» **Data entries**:
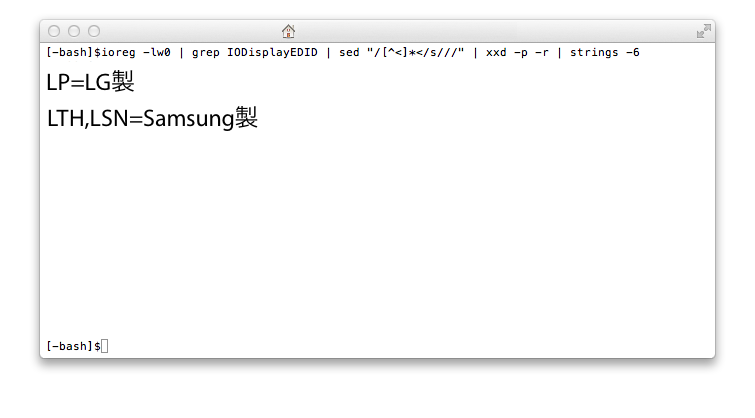 $ioreg -lw0 | grep IODisplayEDID | sed “/[^<]*</s///” | xxd -p -r | strings -6
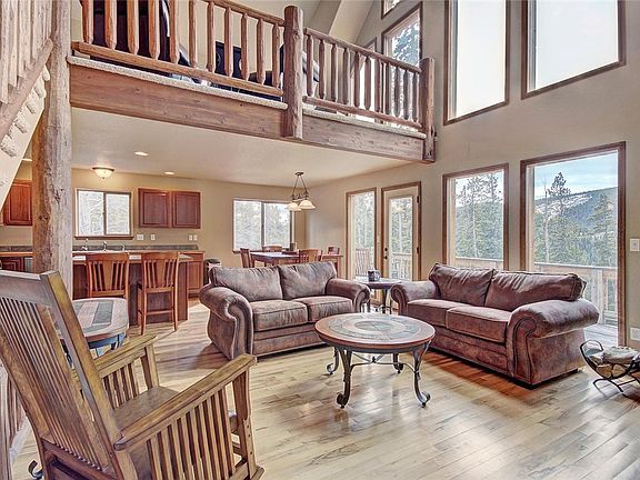 Exceptional mountain views from this impressive mountain home - featuring two decks and a wall of south facing windows for all the best in mountain living. An oversized two car garage invites all your toys and gear. The lower level features a large family room, 10' ceilings, bed/full bath and laundry. The main floor features a stone fireplace, open floor plan kitchen, stainless appliances, vaulted ceilings, wood floors and deck. The upper level master opens to an open loft/office area.
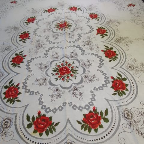 Dug med roser, Meget smukt dug / stykke stof med syede kanter og med lyserøde romantiske roser.
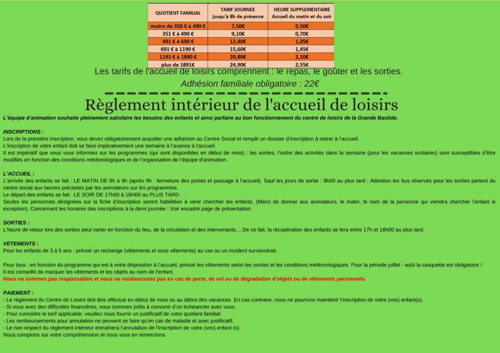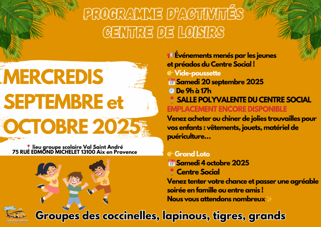 📞 Pour tout renseignement supplémentaire concernant l’accueil de loisirs, vous pouvez contacter la directrice du centre de loisirs Alexia Galmim par mail à csc.a.galmim@gmail.com ou l’accueil du Centre par téléphone au 04.42.26.34.46 ou par mail à csc.contactgrandebastide@gmail.com !
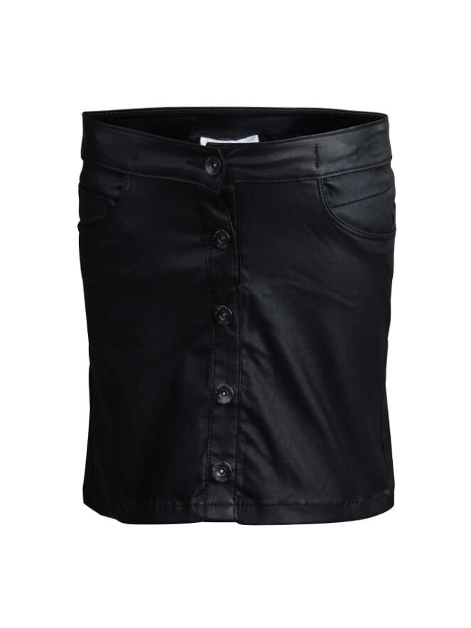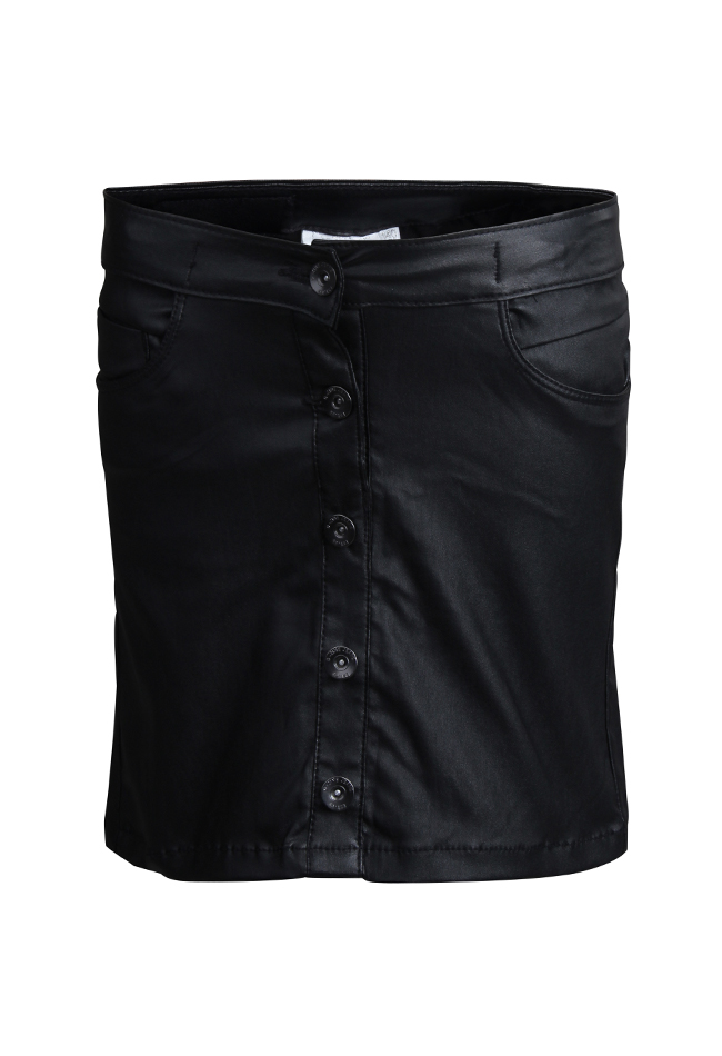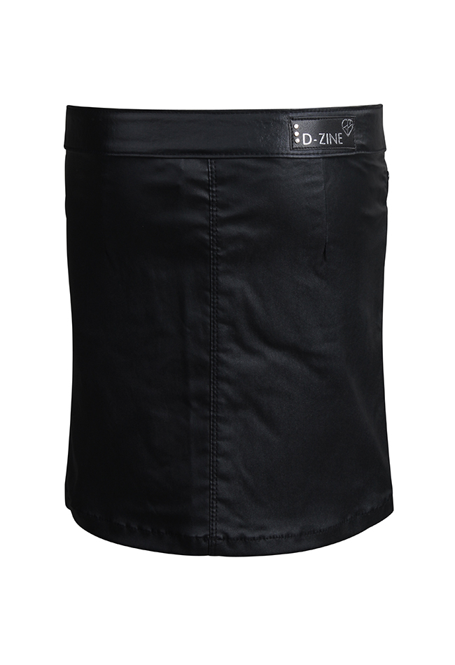 Coated a line rokje van D-zine. Het rokje heeft een coating waardoor het wat leerachtig aanvoelt. Er lopen knopen langs de voorkant, alleen de bovenste twee werken, dit zijn schuifknopen. We hebben dit rokje in 2 kleuren. Materiaal: 75% viscose, 21% nylon, 4% elasthan. Wasvoorschrift: wassen op 40 graden met gelijke kleuren, niet in de droger, niet stijken.
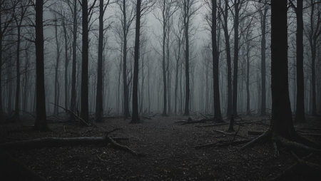 Gloomy Woodland Landscape, Misty Forest Trail, Spooky Halloween Scenery, Dense Forest, Dark and Mysterious, Halloween Themes, Eerie and Ominous, Bare Trees in Fog, Dark Woods Scene
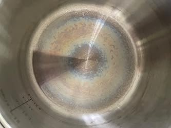 Washed the pots & pans by hand before using them as recommended by Cusinart. After using one pot and one pan I noticed that after washing them by hand the pot discolored on the inside and the pan has some kind of water mark. I did not use a scrubbing pad. You can see from the first photo that the pots & pans came all shiny and the other two photos not so good. Wonder what they all will look like after repeated use if this happened when only using them once. Going to try and contact Cusinart. My first new set of pots since 1974. I am very disappointed!
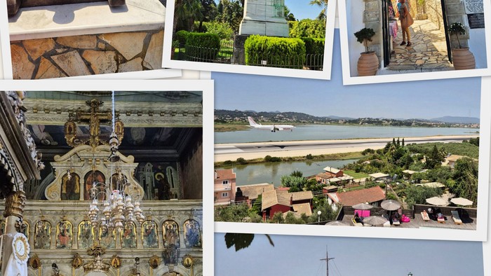 o.li. und Mitte re.: Kanoni, o. Mitte: Achilleon, o.re.: Paleokastritsa, u.li.: Paleokastritsa, u.re.: alte Festung Korfu Stadt
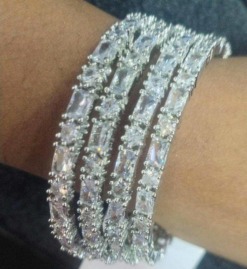 Silver Rhodium Plated American Diamond Bangle (Set of 4)
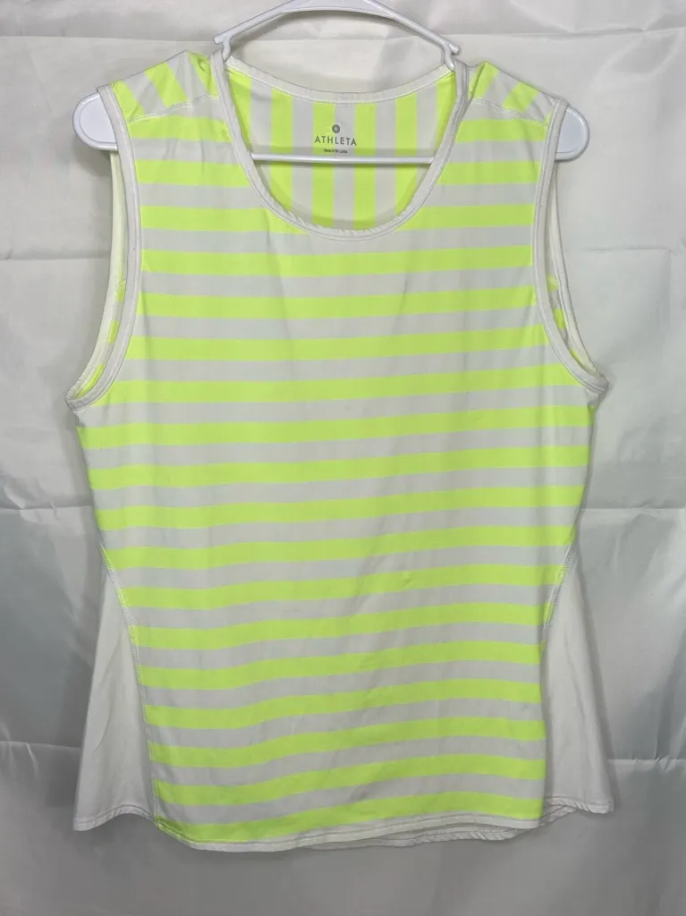 Athleta women’s neon yellow white ocean stripe chi muscle tank top active Size medium In excellent u... Show more
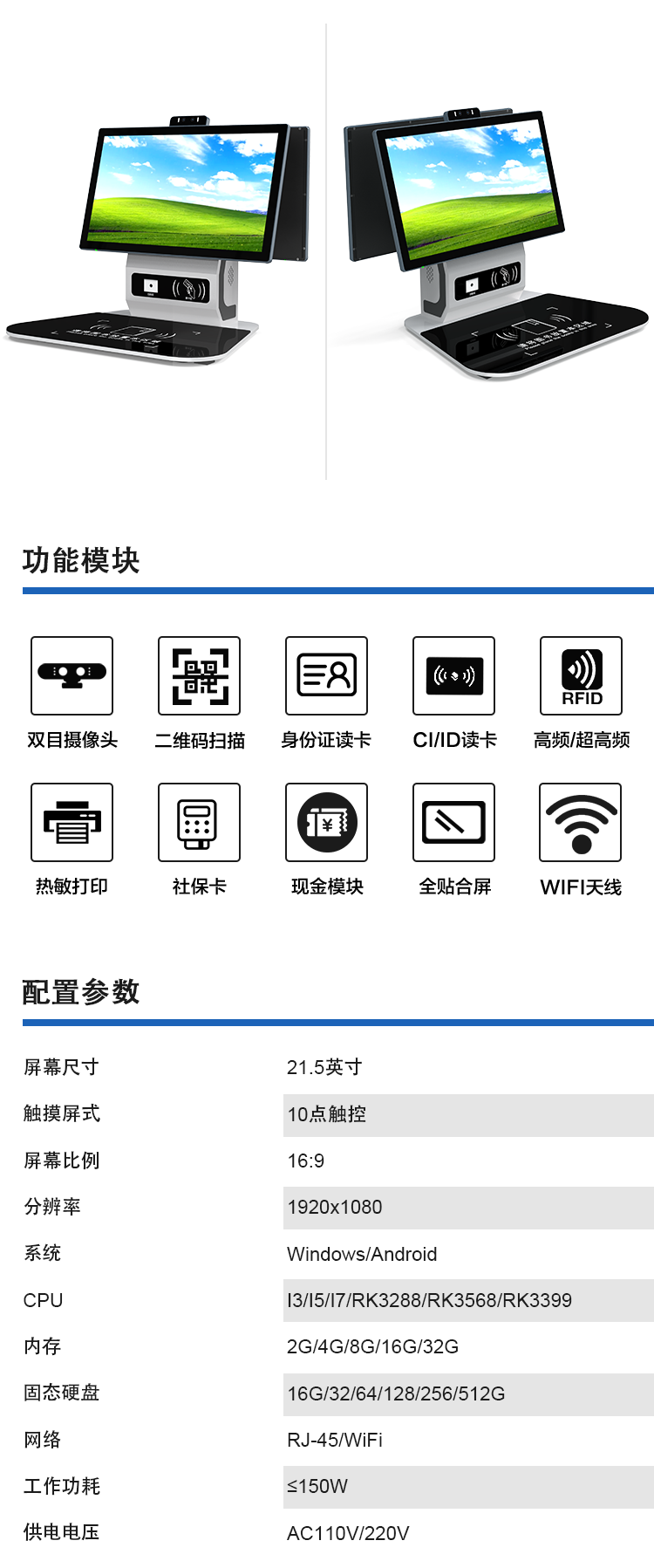 高清大屏: 21.5寸触摸屏,显示清晰,操作便捷。
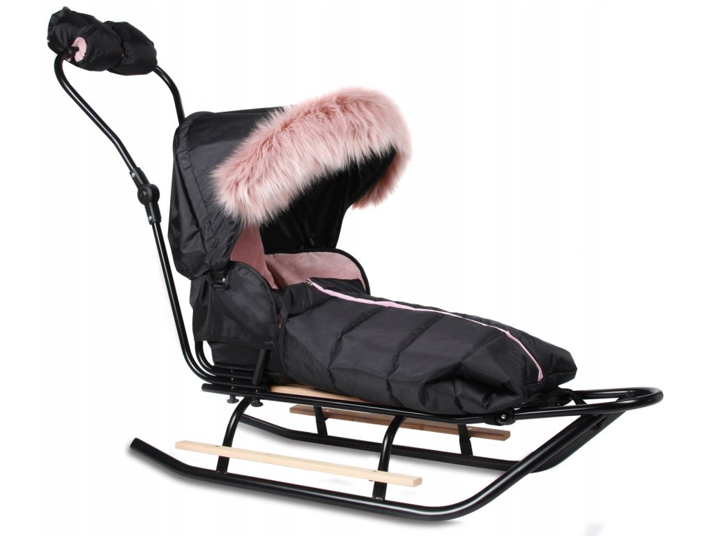 Sáňky DELUX s kompletním vybavením + rukávník zdarma - černý,růžový
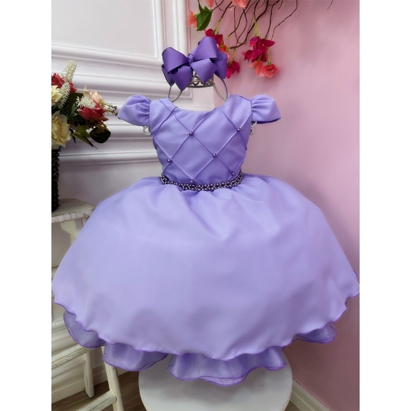 Informações do produto: Vestido Infantil Lilás C/ Cinto de Pérolas Casamento Luxo
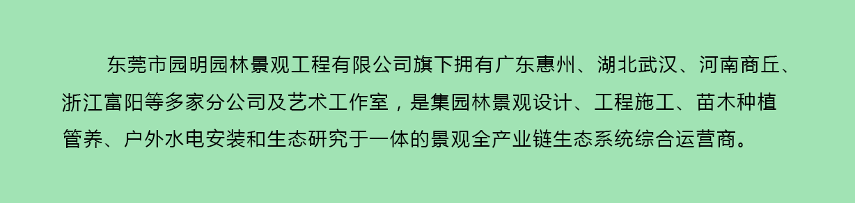 東莞市園明園林景觀工程有限公司旗下擁有廣東惠州、湖武漢、河南商丘、浙江富陽等多家分公司及藝術工作室,是集園林景觀設計、工程施工、苗木種植管養、戶外水電安裝和生態研究于一體的景觀全產業鏈生態系統綜合運營商。
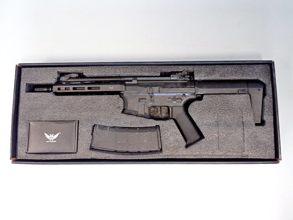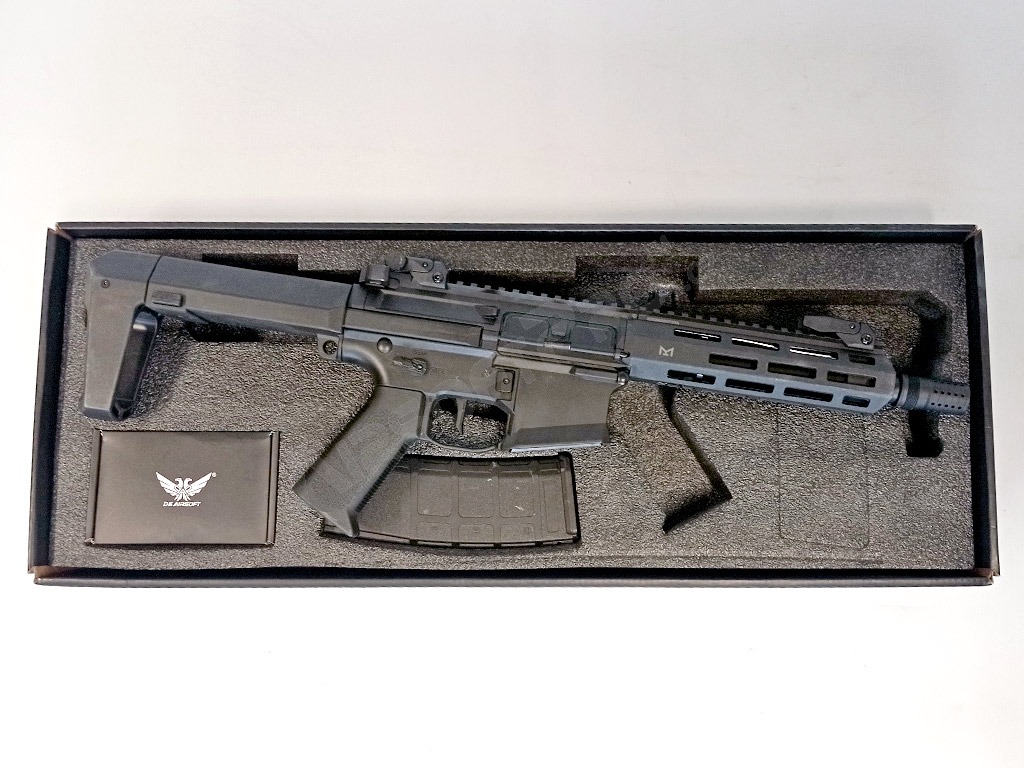 Moderná replika zbrane typu AR-15 v štýle "Honey Badger" od firmy Double Eagle. Zbraň ponúka kvalitné spracovanie tela i vonkajších dielov, vo vnútri mechaboxu je procesorová jednotka FALCON s nastaviteľnými funkciami, ktorá má v sebe aj mosfet. V prípade prepätia alebo naopak nízkeho napätia vydá motor varovnú vibráciu.

» **WORK INSTRUCTION**:
Look above and copy only the lines from the one holding "Exceptional mountain views" to the one holding "Gloomy Woodland Landscape, Misty", both included, exactly, minus the pictures.

» **SOLUTION TO THE EXERCISE**:
 Exceptional mountain views from this impressive mountain home - featuring two decks and a wall of south facing windows for all the best in mountain living. An oversized two car garage invites all your toys and gear. The lower level features a large family room, 10' ceilings, bed/full bath and laundry. The main floor features a stone fireplace, open floor plan kitchen, stainless appliances, vaulted ceilings, wood floors and deck. The upper level master opens to an open loft/office area.
 Dug med roser, Meget smukt dug / stykke stof med syede kanter og med lyserøde romantiske roser.
 📞 Pour tout renseignement supplémentaire concernant l’accueil de loisirs, vous pouvez contacter la directrice du centre de loisirs Alexia Galmim par mail à csc.a.galmim@gmail.com ou l’accueil du Centre par téléphone au 04.42.26.34.46 ou par mail à csc.contactgrandebastide@gmail.com !
 Coated a line rokje van D-zine. Het rokje heeft een coating waardoor het wat leerachtig aanvoelt. Er lopen knopen langs de voorkant, alleen de bovenste twee werken, dit zijn schuifknopen. We hebben dit rokje in 2 kleuren. Materiaal: 75% viscose, 21% nylon, 4% elasthan. Wasvoorschrift: wassen op 40 graden met gelijke kleuren, niet in de droger, niet stijken.
 Gloomy Woodland Landscape, Misty Forest Trail, Spooky Halloween Scenery, Dense Forest, Dark and Mysterious, Halloween Themes, Eerie and Ominous, Bare Trees in Fog, Dark Woods Scene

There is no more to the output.